> WORK INSTRUCTION:
Leave the pictures out and return every line below exactly.

> PROVIDED MATERIAL:
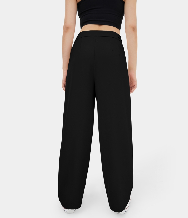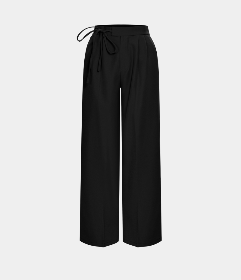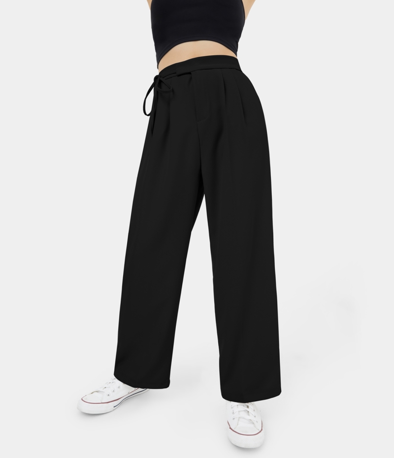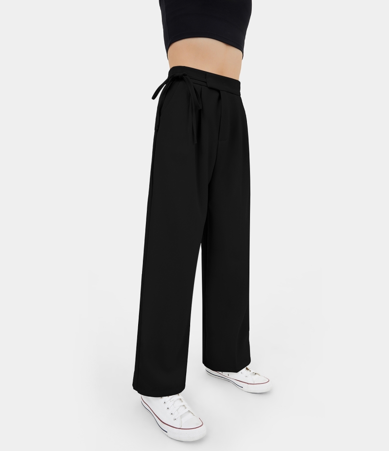 Halara Mid Rise Lace Up Zipper Side Pocket Straight Leg Casual Women's Pants Black | 746259-MXR
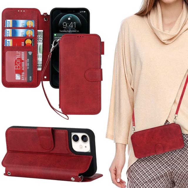 iPhone12 ケース / iPhone12 pro ケース 手帳型 ショルダー 両立 軽量化 ショルダーケース クロスボディ iPhone 12 iPhone12 pro 手帳型 カバー アイホン12 アイホン12pro アイホン アイフォン12 アイフォン 12プロ ケース アイフォン 12pro アイフォン 12 pro アイフォン12pro 12 プロ 適用 case iCoverCase ストラップホール付き カード収納 スタンド ストラップ 二本同梱 マグネット 肩がけ 首掛け 斜め掛け カードケース ストラップ付き カバー ショルダーケース クロスボディケース カード入れ スマホケース 携帯カバー レトロ ワインレッド
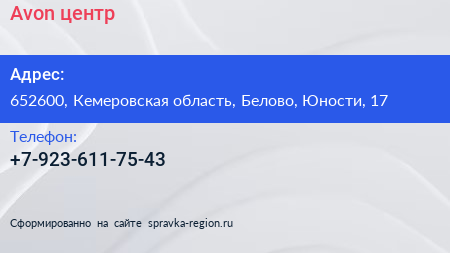 Avon, центр по адресу 652600, Кемеровская область, Белово, Юности, 17 в дальнейшем Организация, размещена в следующих категориях:

> OUTPUT OF THE EXERCISE:
 Halara Mid Rise Lace Up Zipper Side Pocket Straight Leg Casual Women's Pants Black | 746259-MXR
 iPhone12 ケース / iPhone12 pro ケース 手帳型 ショルダー 両立 軽量化 ショルダーケース クロスボディ iPhone 12 iPhone12 pro 手帳型 カバー アイホン12 アイホン12pro アイホン アイフォン12 アイフォン 12プロ ケース アイフォン 12pro アイフォン 12 pro アイフォン12pro 12 プロ 適用 case iCoverCase ストラップホール付き カード収納 スタンド ストラップ 二本同梱 マグネット 肩がけ 首掛け 斜め掛け カードケース ストラップ付き カバー ショルダーケース クロスボディケース カード入れ スマホケース 携帯カバー レトロ ワインレッド
 Avon, центр по адресу 652600, Кемеровская область, Белово, Юности, 17 в дальнейшем Организация, размещена в следующих категориях:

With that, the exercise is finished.